Striking Gold: Purdue Beats Down Rutgers 89-54
It’s often the case the fans and pundits use the imperfect metric of “who have you beaten?” as a way of determining how good a team is. And in many ways, that does make sense. A highly ranked team, at this point in the season, has had to pass several tests most likely to get to where they are. And in beating them, maybe you show a glimmer of who you are as a team. Perhaps not where you are completely, but perhaps the Platonic ideal of what your team is and what they can accomplish.
But I dunno, there’s a fallacy in that logic - susceptible as I myself am to falling for it - that follows naturally from the game of basketball itself. And that is, any one game can swing in any number of directions based simply on the stochastic nature of the millions of variables that determine a game’s outline. This is what makes the NCAA Tournament so exciting. A team’s best player could have his girlfriend break up with him the night before (or, I dunno, have his back thrown out wrestling with his bench warmer roommate, as an example) and the probable outcome of the game changes entirely. Players either really “feel it”, or feel off, or the lighting is weird, the rims tight, there’s a dead spot on the court right by a shooter’s favorite spot, who knows. Things happen.
So perhaps it’s just as instructive to look at how a team handles teams that they should by all rights beat. While yes, the phenomena I described above applies but in the opposite direction, you can still learn lessons from how a team handles players a clearly inferior opponent. Do they jump out to an early lead? Do they stay calm when they don’t? Do they extend leads, go on runs, don’t allow momentum, step on the neck when needed? All those questions have squishy answers, but there are insights to be gained from looking at a game holistically, judging trends and patterns in the game, and making judgements on the quality of your team.
By that measure, Purdue showed us something important tonight against Rutgers. Rutgers is bad, no doubt, and show little actual signs of getting any better. So by all rights, Purdue should win, and should win big.
And win big they did. With a balance, attacking effort that left no question as to the relative place of these two teams in the college basketball landscape. We are starting to see something from this Purdue squad that we didn’t see a month ago, and this development bodes well for this team moving forward.
As much as I lamented the makeup of this squad - more precisely, the minutes distribution - credit is due where it is due, and Matt Painter deserves credit for swallowing his usual reticence for raw one-year-away talent and giving both Trevion Williams and Aaron Wheeler 22 minutes against Rutgers, continuing the recent pattern of doling out more and more responsibility onto each of their capable but rough around the edges shoulders.
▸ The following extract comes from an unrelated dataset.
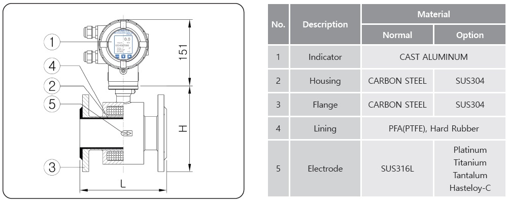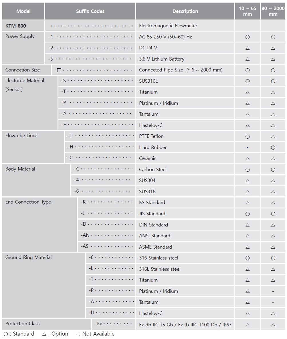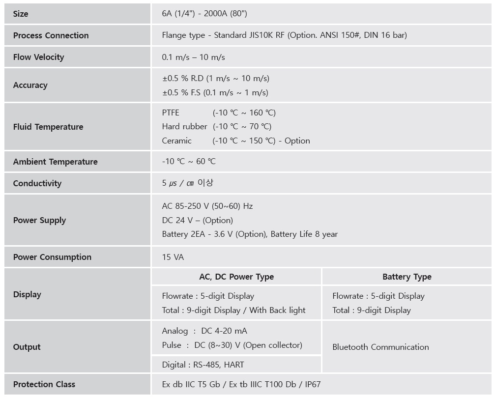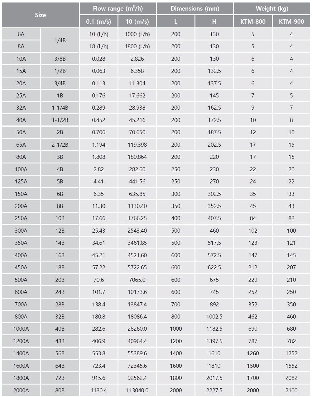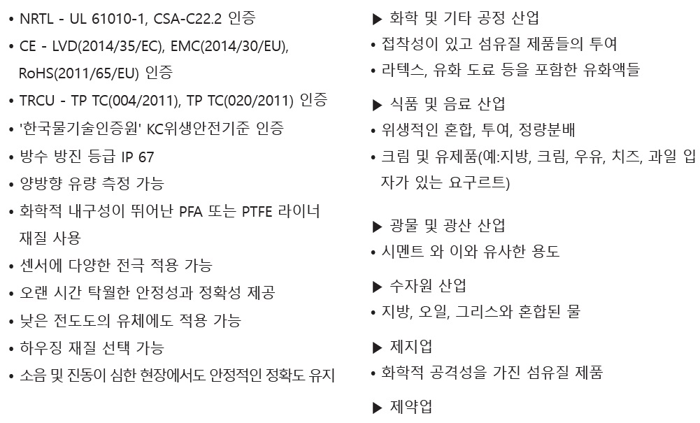 KTM-800 전자 유량계는(UL 인증) 전기 전도가 있는 유체를 사용하는 프로세스에서 유량 측정을 위해 특별히 설계된 전자기 유량계입니다. 최고의 기술이 집약 된 유량계는 특히 높은 정확도와 다양한 자기 진단이 필요한 현장에 적합합니다. 이 제품은 화학물질에 내구성이 강한 PFA 또는 PTFE라이너 재질을 사용하여 원자력 산업, 화학 및 기타 공정산업, 광물 및 광산 산업 및 수자원 산업 등에 적용 가능하며 전도도가 낮은 유체에서 또한 적용 할 수 있습니다. KTM-800 은 구동부가 없어 내구성이 우수하며 수명이 길고 기계적 유량계(예: 터빈 미터)보다 훨씬 더 큰 유량 비율(100 : 1)을 제공합니다. 또한 진동 및 소음이 심한 곳에서도 사용 가능하며 유지 보수가 쉽고 간단하여 각종 산업 현장에 널리 사용되고 있습니다. 제품 특징 ■ FEATURE ■ APPLICATIONS ![]() ■ KTM-800 General Specifications

And those two rewarded their coach’s faith in them, with a combined 25 points and 18 rebounds.
That development, should it continue, speaks to a turning of the tide for this team this season. While yes, Grady Eifert is still starting while seemingly keeping the spot warm for either Williams or Wheeler (depending on how Painter wanted to structure his attack), most of the minutes are going to those two. Matt Haarms is still a riddle seemingly caught in a sophomore slump, but the depth has been increased, and so has the probability that on any given night, at least one of those guys will give the team what they need to get a win.
(This is ignoring Carsen Edwards, who was his usual great self, and Ryan Cline, who went 4-6 from distance, doing exactly that which Purdue absolutely requires from him.)
Special shouts to Sasha I-Have-To-Google-His-Name-Every-Time-Yet-It-Always-Looks-Wrong Stefanovic who poured in 14 points in 15 minutes while only missing one shot all night.
Purdue is looking a little less shaky heading into a rough three game stretch (home v. Indiana, @ Ohio State, home v. Michigan State). Those with a larger platform than I still have Purdue comfortably in the NCAA Tournament, but I’m not convinced, at least not yet. There’s still plenty of work left to do, but they at least look more capable of taking that on than they did a month ago.